• _Task description_: In your copy, leave out the pictures and output only the lines from the one holding "上記の内容を通して、参加者さ" through the end of the data below, exactly.

• _Collected material_:
****************************************

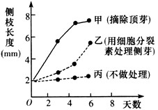 1、选择题 将甲、乙、丙三株大小相近的同种植物,分别进行不同处理,来探究影响侧芽生长的因素。实验结果如下图所示。据图判断下列说法正确的是
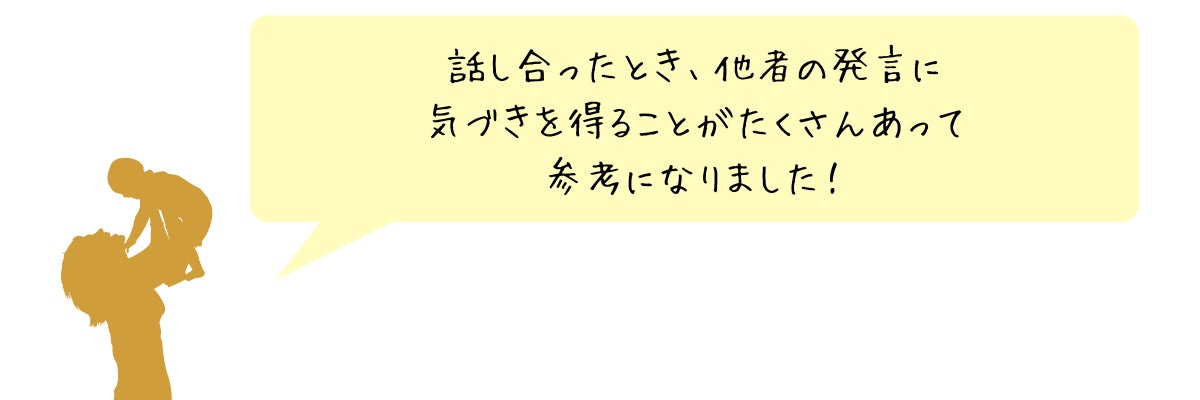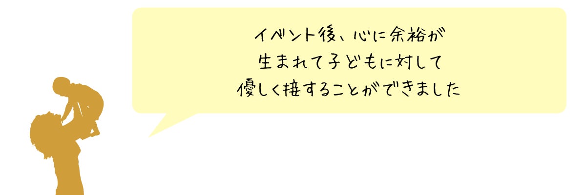 上記の内容を通して、参加者さん同士には交流をしていただき、イベント後も励まし合える関係を築くことも目的の一つになっています。イベント終了後には、きっとお子さんの気持ちをもっと理解できるようになり、声かけの意識が高まるはずです。
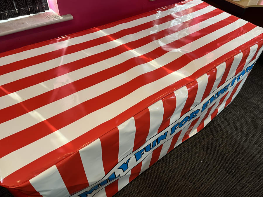Our Themed Table covers for our Funfair game are a great add on for any Bouncy Castle or Funfair Company, These Carnival stalls / table covers are great for all funfair game packages meaning all your items match and your games really stand out. These carnival Side stall games are for sale throughout the UK and worldwide and are brilliantly designed around the Traditional Fairground theme. With many many more funfair games for sale on our website you can make a real show stopping display for your customers.
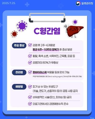 C형간염은 혈액·체액을 통해 전파되는 바이러스성 감염병으로, 방치하면 간경변증이나 간암으로 진행될 위험이 크다.

****************************************

• _Result_:
 上記の内容を通して、参加者さん同士には交流をしていただき、イベント後も励まし合える関係を築くことも目的の一つになっています。イベント終了後には、きっとお子さんの気持ちをもっと理解できるようになり、声かけの意識が高まるはずです。
Our Themed Table covers for our Funfair game are a great add on for any Bouncy Castle or Funfair Company, These Carnival stalls / table covers are great for all funfair game packages meaning all your items match and your games really stand out. These carnival Side stall games are for sale throughout the UK and worldwide and are brilliantly designed around the Traditional Fairground theme. With many many more funfair games for sale on our website you can make a real show stopping display for your customers.
 C형간염은 혈액·체액을 통해 전파되는 바이러스성 감염병으로, 방치하면 간경변증이나 간암으로 진행될 위험이 크다.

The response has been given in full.